Removing Servers With Fargate

Problem with servers:

  • Managing updates, patches, etc.
  • Scaling

What is Fargate?

A serverless compute engine for containers that works with both ECS and EKS.

  • Requires ECS or EKS.
  • Linux only.

EC2 vs Fargate

EC2:

  • EC2 pricing model can save dollars.
  • Long-running containers.
  • You are responsible for underlying operating system.
  • Multiple containers share the same host.

Fargate:

  • No OS access.
  • Pay based on resources allocated and time ran. Great for ephemeral tasks.
  • Isolated environments.

Fargate vs Lambda

Fargate:

  • Select when you have more consistent workloads.
  • Allows Docker use accross the org and a greater level of control by devs.

Lambda:

  • Great for unpredictable or inconsistent workloads.
  • Perfect for apps that can be expressed as a single function.

Exam tips:

  • Lambda is for lightweight functions that can run quickly and be integrating into our AWS architecture.
  • Fargate is for container that I don't need to run all the time.
  • EC2 for containers running all the time.
  • Fargate requires ECS or EKS. It doesn't work by itself.
  • Fargate is more expensive, but easier to use.
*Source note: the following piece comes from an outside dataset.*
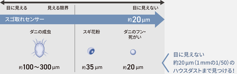 センサーが見分けるハウスダストの検知範囲

Amazon EventBridge (CloudWatch Events)

A serverless event buss that allows you to pass events from a source to an endpoint.

It is the glue that holds serverless apps together.

Creating a rule

  1. Define pattern: how do you want the rule invoked?
  2. Select Event Bus: Is this an AWS-based event? Custom? Partner?
  3. Select the target: do you trigger a Lambda func? Post to an SQS queue? Send an email?

Exam tips:

  • EventBridge is the glue for our serverless architectures.
  • Speed is the fastest way to respond to things happening in your environment.
  • Common use case is triggering lambda funcs.
  • Is the app right for containers?
  • Do you need those servers? If possible, use managed services.
  • Is the app AWS specific?
  • How long does the code need to run?